Chapter 2, Problem 2.1CTP

Three groups of students from the Geotechnical Engineering class collected soil-aggregate samples for laboratory testing from a recycled aggregate processing plant in Palm Beach County, Florida. Three samples, denoted by Soil A, Soil B, and Soil C, were collected from three locations of the aggregate stockpile, and sieve analyses were conducted (see Figure 2.35).

(a)

(b)

Figure 2.35 (a) Soil-aggregate stockpile; (b) sieve analysis (Courtesy of Khaled Sobhan, Florida Atlantic University, Boca Raton, Florida)

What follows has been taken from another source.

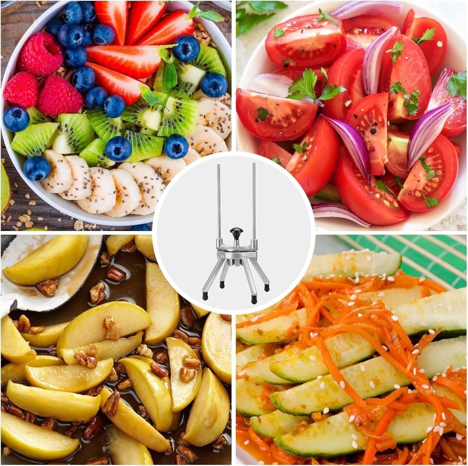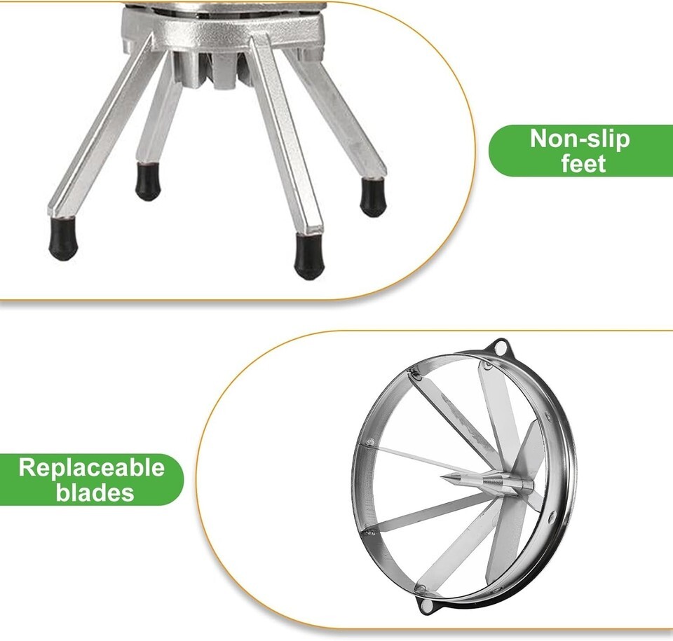 Widely Use - Our wedges cutter is suitable for both home and commercial use, perfect for fruits and vegetables, such as apples, citrus, cucumbers, onions, tomatoes, etc. (NOTE: It is not recommended cutting sweet potatoes. Sweet potato is hard, it will cause great damage to the blade.)

a. Determine the coefficient of uniformity and the coefficient of gradation for Soils A, B, and C.

b. Which one is coarser: Soil A or Soil C? Justify your answer.

c. Although the soils are obtained from the same stockpile, why are the curves so different? (Hint: Comment on particle segregation and representative field sampling.)

d. Determine the percentages of gravel, sand and fines according to Unified Soil Classification System.

To determine

Calculate the coefficient of uniformity $\left(C_u\right)$ and coefficient of gradation $\left(C_c\right)$ for soils A, B, and C.

Answer to Problem 2.1CTP

The uniformity coefficient of soil A is $\underset{\_}{26.42}$.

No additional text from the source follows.